Big Data Institute, Li Ka Shing Centre for Health Information and Discovery, University of Oxford, Oxford, UK.
Department of Statistics, University of Oxford, Oxford, UK.
Nat Genet. 2023 Nov;55(11):1854-1865. doi: 10.1038/s41588-023-01522-8. Epub 2023 Oct 9.

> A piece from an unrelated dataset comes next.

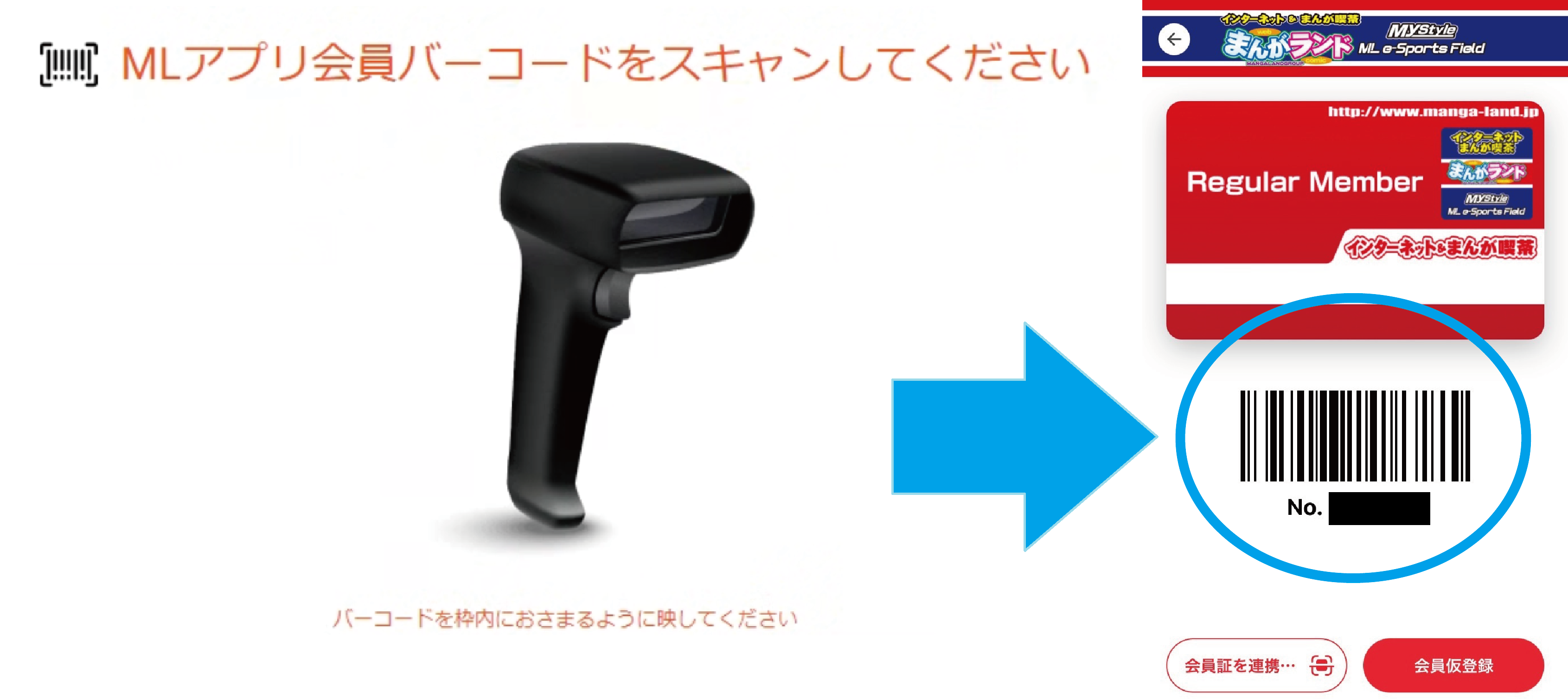 ご予約に使用した、MLアプリモバイル会員証のバーコード(7ケタの番号)をスキャナーで読み取ってください。

The analysis of longitudinal data from electronic health records (EHRs) has the potential to improve clinical diagnoses and enable personalized medicine, motivating efforts to identify disease subtypes from patient comorbidity information. Here we introduce an age-dependent topic modeling (ATM) method that provides a low-rank representation of longitudinal records of hundreds of distinct diseases in large EHR datasets. We applied ATM to 282,957 UK Biobank samples, identifying 52 diseases with heterogeneous comorbidity profiles; analyses of 211,908 All of Us samples produced concordant results. We defined subtypes of the 52 heterogeneous diseases based on their comorbidity profiles and compared genetic risk across disease subtypes using polygenic risk scores (PRSs), identifying 18 disease subtypes whose PRS differed significantly from other subtypes of the same disease. We further identified specific genetic variants with subtype-dependent effects on disease risk. In conclusion, ATM identifies disease subtypes with differential genome-wide and locus-specific genetic risk profiles.
从电子健康记录 (EHR) 中分析纵向数据有可能改善临床诊断并实现个性化医疗,这促使人们从患者合并症信息中识别疾病亚型。在这里,我们介绍了一种依赖年龄的主题建模 (ATM) 方法,该方法为大型 EHR 数据集中数百种不同疾病的纵向记录提供了低秩表示。我们将 ATM 应用于 282957 名英国生物库样本,确定了 52 种具有异质合并症特征的疾病;对 211908 名所有美国人样本的分析产生了一致的结果。我们根据合并症特征定义了 52 种异质疾病的亚型,并使用多基因风险评分 (PRS) 比较了疾病亚型之间的遗传风险,确定了 18 种疾病亚型的 PRS 与同一疾病的其他亚型有显著差异。我们进一步确定了具有疾病风险的亚型依赖特定遗传变异。总之,ATM 确定了具有不同全基因组和特定基因座遗传风险特征的疾病亚型。